In [1]:
import pandas as pd
import numpy as np

# Load the data
data_path = 'car_filled.xlsx'
car_data = pd.read_excel(data_path)

# Data preprocessing function
def preprocess_data(df):
    """
    Preprocess the data, including handling columns with multiple values and one-hot encoding fuel types.
    """
    # Handle columns with multiple values (e.g., number of seats, starting MSRP), calculate the average
    for col in df.columns:
        if 'Number of seats' in col or 'Starting MSRP' in col or 'Safety score' in col:
            # Convert the values in the column to strings, then split by '/' and calculate the average
            df[col] = df[col].apply(lambda x: np.mean([float(i) for i in str(x).split('/') if i.isdigit()]))

    # One-hot encode fuel types
    fuel_cols = [col for col in df.columns if 'fuel' in col]
    for col in fuel_cols:
        # Get all possible fuel types
        all_fuels = set('/'.join(df[col].astype(str).tolist()).split('/'))
        for fuel in all_fuels:
            # Create a new column for each fuel type, set to 1 if the current row contains that fuel type, else 0
            df[f'{col}_{fuel.strip()}'] = df[col].apply(lambda x: 1 if fuel.strip() in str(x) else 0)
        # Drop the original fuel type column
        df.drop(col, axis=1, inplace=True)

    return df

# Re-run the preprocessing function
preprocessed_data = preprocess_data(car_data.copy())

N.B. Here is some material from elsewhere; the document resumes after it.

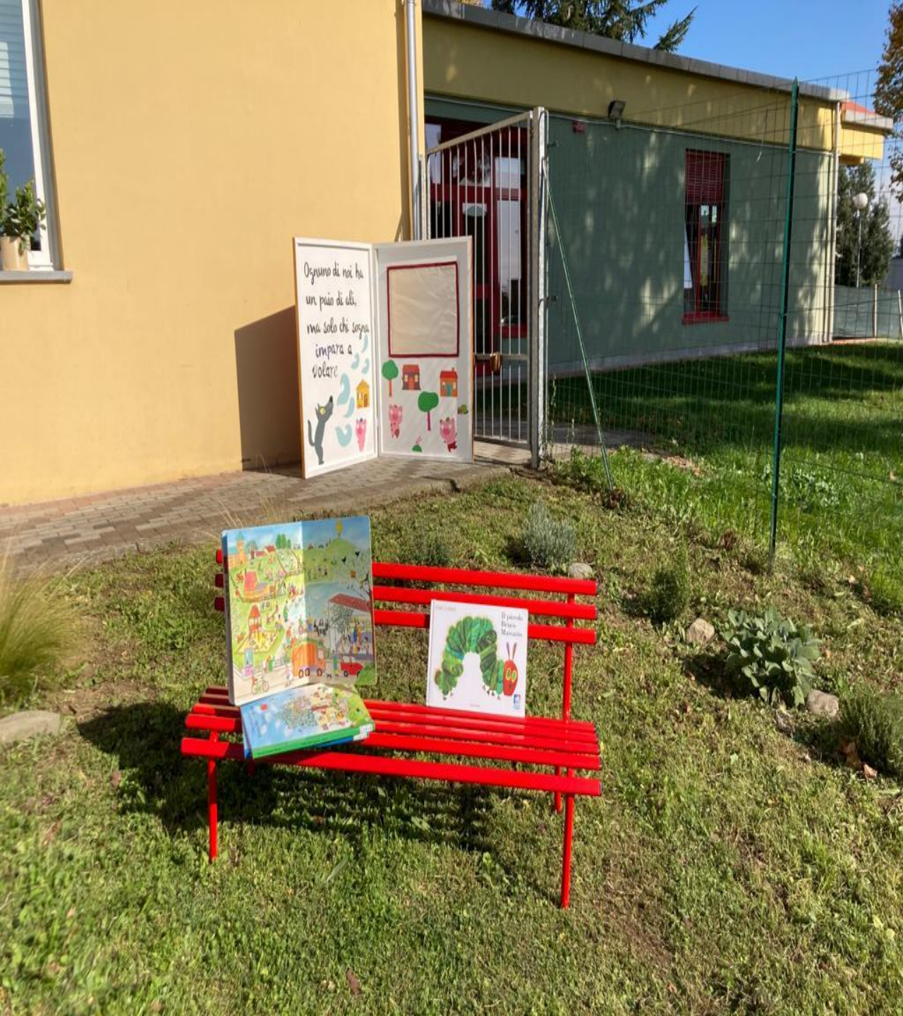
Centro Educativo «Piccola Artemisia» - Capannori

# Display the first few rows of the preprocessed data again
preprocessed_data.head()


Unnamed: 0,State,Car1-Name,Car1-Number of seats,Car1-Starting MSRP,Car1-Safety score,Car2-Name,Car2-Number of seats,Car2-Starting MSRP,Car2-Safety score,Car3-Name,...,Car3-fuel_CNG,Car3-fuel_gasoline,Car4-fuel_diesel,Car4-fuel_electricity,Car4-fuel_CNG,Car4-fuel_gasoline,Car5-fuel_diesel,Car5-fuel_electricity,Car5-fuel_CNG,Car5-fuel_gasoline
0,Alabama,Chevrolet Silverado,6.0,36800.0,5.0,Ford F-Series,6.0,39895.0,5.0,Toyota Camry,...,0,1,0,0,0,1,1,0,0,0
1,Alaska,Ram 1500/2500/3500,5.0,45250.0,4.0,Chevrolet Silverado,6.0,36800.0,5.0,Ford F-Series,...,0,1,1,0,0,0,0,0,0,1
2,Arizona,Chevrolet Silverado,6.0,36800.0,5.0,Ram 1500/2500/3500,5.0,45250.0,4.0,Ford F-Series,...,0,1,0,0,0,1,0,0,0,1
3,Arkansas,GMC Sierra,3.0,39695.0,5.0,Ford F-Series,6.0,39895.0,5.0,Ram 1500/2500/3500,...,1,0,1,0,0,0,0,0,0,1
4,California,Tesla Model Y,5.0,37490.0,5.0,Tesla Model 3,5.0,38990.0,5.0,Toyota RAV4,...,0,1,0,0,0,1,0,0,0,1


In [9]:
def calculate_weighted_average(df):
    weights = {1: 5, 2: 4, 3: 3, 4: 2, 5: 1}
    results = []
    
    for state in df['State'].unique():
        state_data = df[df['State'] == state]
        weighted_sums = {}
        total_weights = 0
        
        for i in range(1, 6):
            for feature in ['Number of seats', 'Starting MSRP', 'Safety score']:
                col_name = f'Car{i}-{feature}'
                if col_name in state_data.columns:
                    if feature not in weighted_sums:
                        weighted_sums[feature] = state_data[col_name].values[0] * weights[i]
                    else:
                        weighted_sums[feature] += state_data[col_name].values[0] * weights[i]
            
            fuel_cols = [col for col in df.columns if col.startswith(f'Car{i}-fuel')]
            for col in fuel_cols:
                if col.split('_')[-1] not in weighted_sums:
                    weighted_sums[col.split('_')[-1]] = state_data[col].values[0] * weights[i]
                else:
                    weighted_sums[col.split('_')[-1]] += state_data[col].values[0] * weights[i]
            
            total_weights += weights[i]
        
        for key in weighted_sums:
            weighted_sums[key] /= total_weights
        
        fuel_types = {key: value for key, value in weighted_sums.items() if key in ['gasoline', 'diesel', 'electricity', 'CNG', 'nan']}
        max_fuel_type = max(fuel_types, key=fuel_types.get)
        
        result = {
            'State': state,
            'Average Number of Seats': weighted_sums['Number of seats'],
            'Average Starting MSRP': weighted_sums['Starting MSRP'],
            'Average Safety Score': weighted_sums['Safety score'],
            'Most Common Fuel Type': max_fuel_type
        }
        results.append(result)
    
    return pd.DataFrame(results)

weighted_average_results = calculate_weighted_average(preprocessed_data)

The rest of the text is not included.